Concerning the risk of annual recurrence, the series reported by Amelot et al. [2] presented a 2.6% rate, similar to one observed in the adult series of aneurysms, and significantly higher recurrence rate in cases of larger aneurysms [2, 4]. In our series, out of 10 treated cases, three needed to undergo further treatment, only two due to aneurysm occlusion failure. This incidence, although somewhat greater than that described for large series, reflects the complexity of pediatric cases, which often involve giant and fusiform lesions.
Conclusion
PIAs are a rare disease that can arise from a variety of different underlying pathological mechanisms. The management of these conditions requires a detailed understanding of the pathology and a multidisciplinary approach. It should be borne in mind that PIAs have several unique features different from adults, especially its tendency be larger and in not usually locations when compared to adults. Also, despite the availability of new technologies, parent vessel occlusion remains a valid option for aneurysms in the pediatric population.
Limitations
In addition to representing the single center experience, another limitation of this study is its retrospective design, although all our patients were prospectively registered in dedicated neurovascular databases. PIAs remain rare, and randomized pediatric studies are probably unrealistic. Researchers conducting further studies should help to provide more reliable data as well as a better understanding of this rare but sometimes devastating disease.
Acknowledgments
The authors express their gratitude toward the patients and their families who accepted to participate in this study. We hope their efforts will benefit future patients.
Statement of Ethics
We submitted our study design to the local Institutional Review Board/Independent Ethics Committee (IRB/IEC) (“Comité de Protection des Personnes”). IRB/IEC did not identify any ethical concerns as an observational study with anonymized data and without any additional therapy or monitoring procedures, Indeed, in accordance with French legislation, the study did not require approval from an ethics committee nor written informed consent from patients since it only involved retrospective analysis of anonymized prospectively collected data as part of routine clinical care; each patient was simply informed of his/her participation in this study and was offered the possibility to withdraw.

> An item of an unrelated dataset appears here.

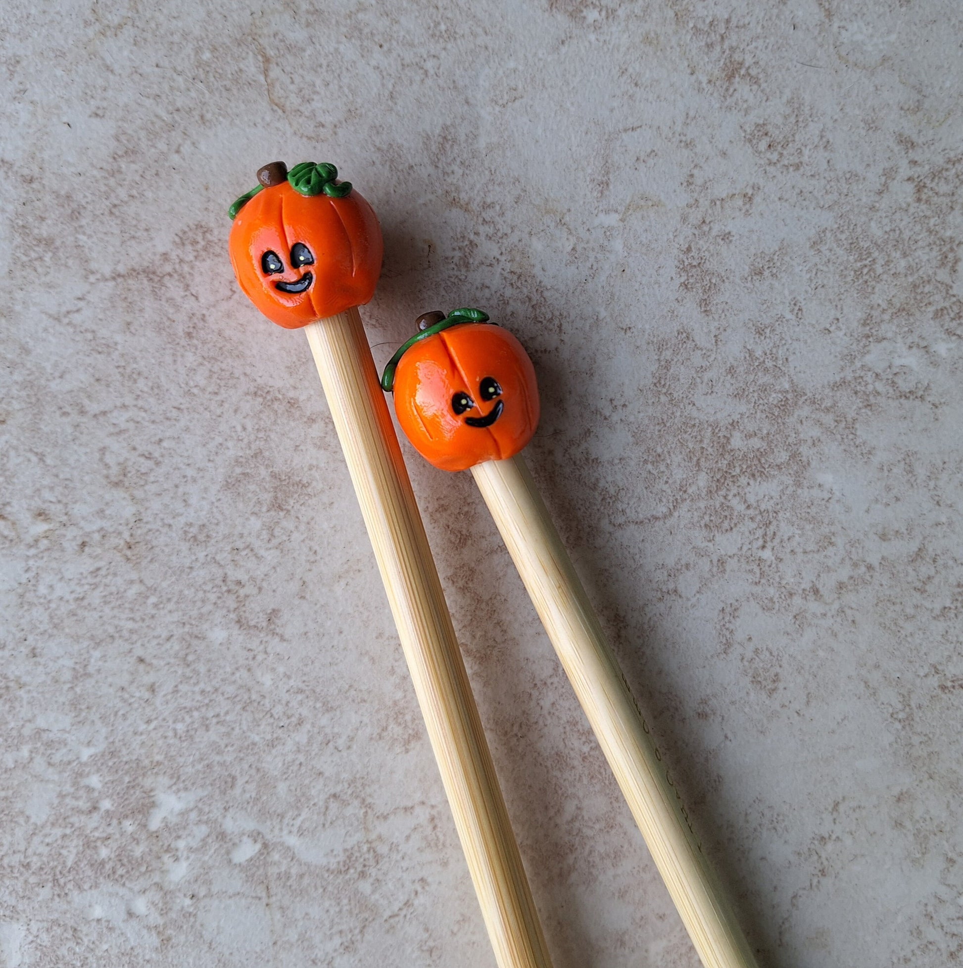 Set of 2 pumpkin jackolantern knitting needles / polymer clay knitting needles / decorative fall halloween needles knitting accessory croche
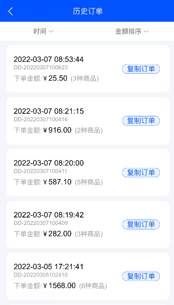 可對(duì)歷史訂單復(fù)制,復(fù)制訂單生成新的銷售單。

Conflict of Interest Statement
The authors have no conflicts of interest to declare.
Funding Sources
This study was conducted by the efforts of our department. There was no funding involved.
Author Contributions
G.B.A. and A.E. contributed to the conception and design of the study and drafting the manuscript. G.B.A., A.O., A.E., and T.S. contributed to data collection and analysis. J.V.M. and L.S. contributed to revising the manuscript for important intellectual content. All the authors approved the final version to be published.
Data Availability Statement
All data generated or analyzed during this study are included in this article. Further inquiries can be directed to the corresponding author.